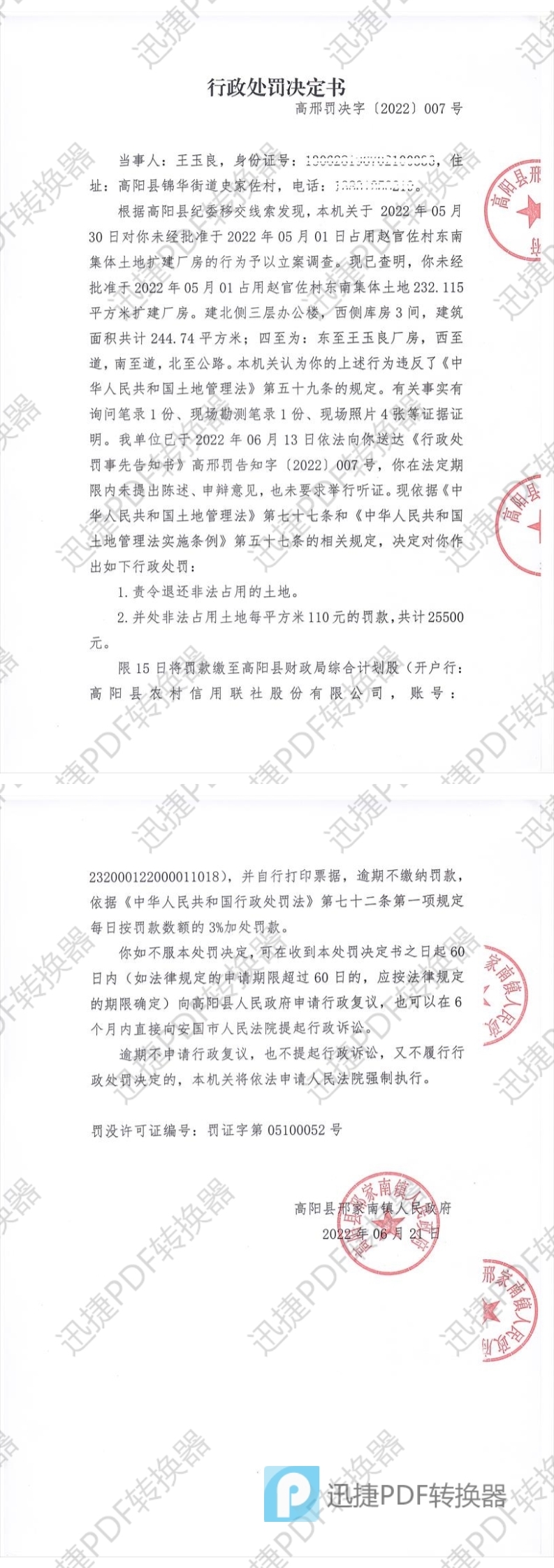 邢家南镇人民政府于2022年06月21日对王玉良下达了行政处罚决定书《高邢罚决字【2022】007号》。
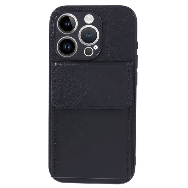 iPhone 15 Pro Leather Covered Plastic Case with Card Holder - Black
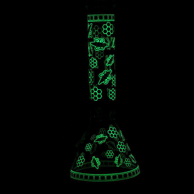 Bring a little buzz to your next session with the 14" Honey Bee Glow-in-the-Dark Beaker Bong. Crafted from premium 7mm borosilicate glass, this piece is built to last and delivers consistently smooth rips. The charming honey bee pattern glows in the dark, making it a standout in any collection.
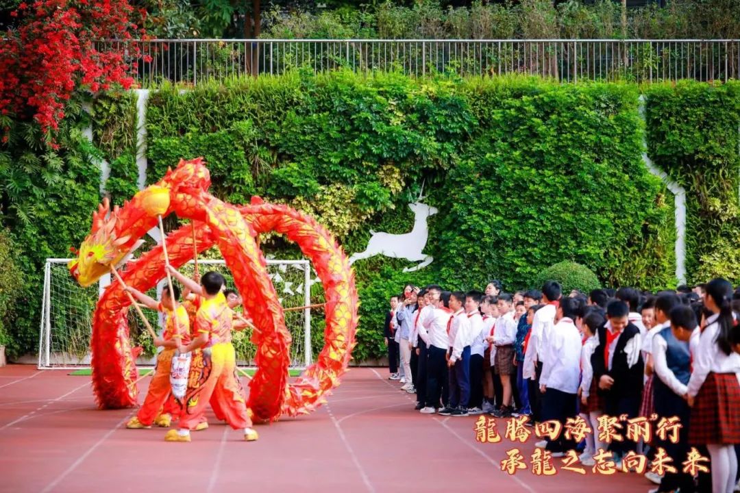 典礼上,创意闯关活动、《龙的传人》歌舞表演、武术展示和舞龙表演等精彩纷呈,全校师生共同跳起健身操,以充满活力的舞姿迎接新学期的挑战。

——————

__Your task__
Your task is to output the material word for word while leaving out every image.

__Task response__
 邢家南镇人民政府于2022年06月21日对王玉良下达了行政处罚决定书《高邢罚决字【2022】007号》。
 iPhone 15 Pro Leather Covered Plastic Case with Card Holder - Black
 Bring a little buzz to your next session with the 14" Honey Bee Glow-in-the-Dark Beaker Bong. Crafted from premium 7mm borosilicate glass, this piece is built to last and delivers consistently smooth rips. The charming honey bee pattern glows in the dark, making it a standout in any collection.
 典礼上,创意闯关活动、《龙的传人》歌舞表演、武术展示和舞龙表演等精彩纷呈,全校师生共同跳起健身操,以充满活力的舞姿迎接新学期的挑战。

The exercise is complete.